Kota YOSHIDA Mitsuru SHIOZAKI Shunsuke OKURA Takaya KUBOTA Takeshi FUJINO
A model extraction attack is a security issue in deep neural networks (DNNs). Information on a trained DNN model is an attractive target for an adversary not only in terms of intellectual property but also of security. Thus, an adversary tries to reveal the sensitive information contained in the trained DNN model from machine-learning services. Previous studies on model extraction attacks assumed that the victim provides a machine-learning cloud service and the adversary accesses the service through formal queries. However, when a DNN model is implemented on an edge device, adversaries can physically access the device and try to reveal the sensitive information contained in the implemented DNN model. We call these physical model extraction attacks model reverse-engineering (MRE) attacks to distinguish them from attacks on cloud services.

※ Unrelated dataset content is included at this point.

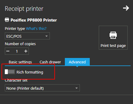 Many STAR printers does not fully support ESC/POS commands, especially formatting commands (large text, bold, ...). For most STAR printers, turning off "Rich formatting" option helps, and receipts are printed as expected, as formatting commands are not sent to printer at all (also, final print is a bit faster).
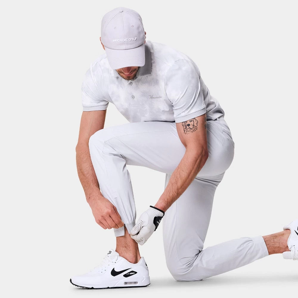 Macade Golf is one of the newest brands in the game which is worn on tour by the likes of Garrick Higgo, Lucas Bjerregaard & Alex Noren. This particular style embraces one of the hottest trends in the world of golf fashion and boasts an ultra slim fit silhouette with a stretchy, cuffed ankle – complete with a small side zip for ease of on & off. The fabric has four way stretch with a high quality twill finish, while signature Macade branding is located above the rear pocket. An internal gripper waistband will prevent your top from riding upwards and moisture wicking technology ensures you stay dry on the inside even during the warmest rounds. A traditional button clsoure, zip fly & belt loops help to retain that “smart jogger” look, while the four pocket construction provides ample storage for your essentials on the course. The perfect way to complete your Macade looks this season.

Power side-channel analyses are often used in MRE attacks to reveal the internal operation from power consumption or electromagnetic leakage. Previous studies, including ours, evaluated MRE attacks against several types of DNN processors with power side-channel analyses. In this paper, information leakage from a systolic array which is used for the matrix multiplication unit in the DNN processors is evaluated. We utilized correlation power analysis (CPA) for the MRE attack and reveal weight parameters of a DNN model from the systolic array. Two types of the systolic array were implemented on field-programmable gate array (FPGA) to demonstrate that CPA reveals weight parameters from those systolic arrays. In addition, we applied an extended analysis approach called “chain CPA” for robust CPA analysis against the systolic arrays. Our experimental results indicate that an adversary can reveal trained model parameters from a DNN accelerator even if the DNN model parameters in the off-chip bus are protected with data encryption. Countermeasures against side-channel leaks will be important for implementing a DNN accelerator on a FPGA or application-specific integrated circuit (ASIC).